— DATASET SECTION —
= Beginning of Section =

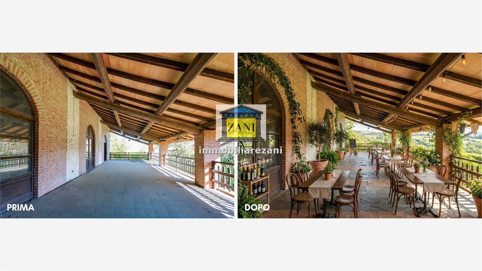 Dallo stesso livello si accede a un'ampia terrazza coperta e loggiato, affacciata sul paesaggio collinare circostante — uno di quei panorami che si vedono e non si dimenticano.
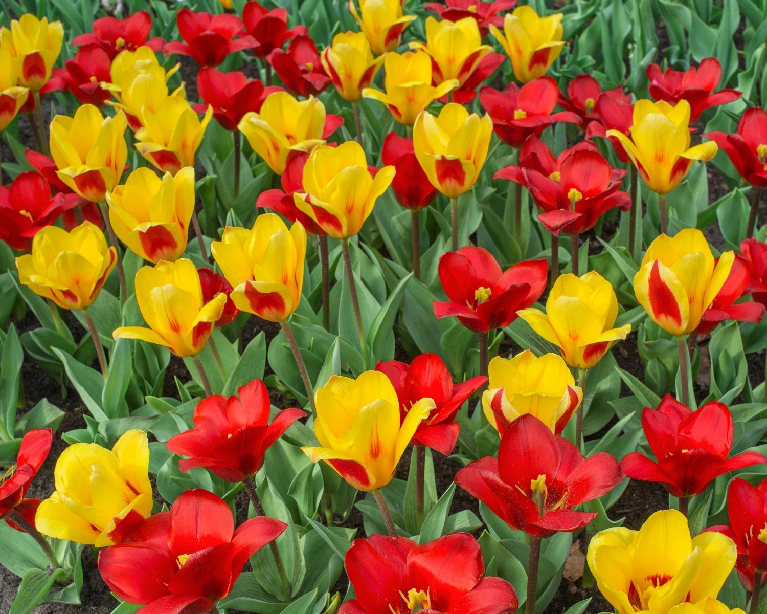 Thoughts of warm curries and spicy aromas seem to touch the senses as one gazes upon the Stresa tulip – and you will gaze! The award winning Tulip ‘Stresa’ is a sight to behold. Its flower petals are vibrant Indian yellow accompanied by a striking chilli red: spicy indeed! As the morning sun rises these blooms will warm your heart as they open up their bright and cheerful petals.
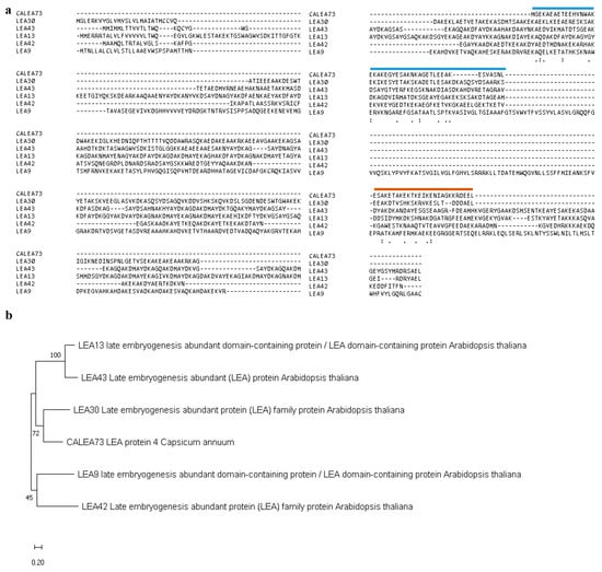 The alignment of the amino acid sequences and phylogenetic relationships between selected proteins and CaLEA73. (a) Amino acid sequences alignment of candidate proteins. They were aligned using the ClustalW program; dashed lines were introduced to maximize sequence alignments. The blue line indicates the first conserved region and the orange line second conserved region. (b).

= End of Section =

— THE PROBLEM —
The material should be duplicated word for word, with no images included.

— RESPONSE TO THIS EXERCISE —
 Dallo stesso livello si accede a un'ampia terrazza coperta e loggiato, affacciata sul paesaggio collinare circostante — uno di quei panorami che si vedono e non si dimenticano.
 Thoughts of warm curries and spicy aromas seem to touch the senses as one gazes upon the Stresa tulip – and you will gaze! The award winning Tulip ‘Stresa’ is a sight to behold. Its flower petals are vibrant Indian yellow accompanied by a striking chilli red: spicy indeed! As the morning sun rises these blooms will warm your heart as they open up their bright and cheerful petals.
 The alignment of the amino acid sequences and phylogenetic relationships between selected proteins and CaLEA73. (a) Amino acid sequences alignment of candidate proteins. They were aligned using the ClustalW program; dashed lines were introduced to maximize sequence alignments. The blue line indicates the first conserved region and the orange line second conserved region. (b).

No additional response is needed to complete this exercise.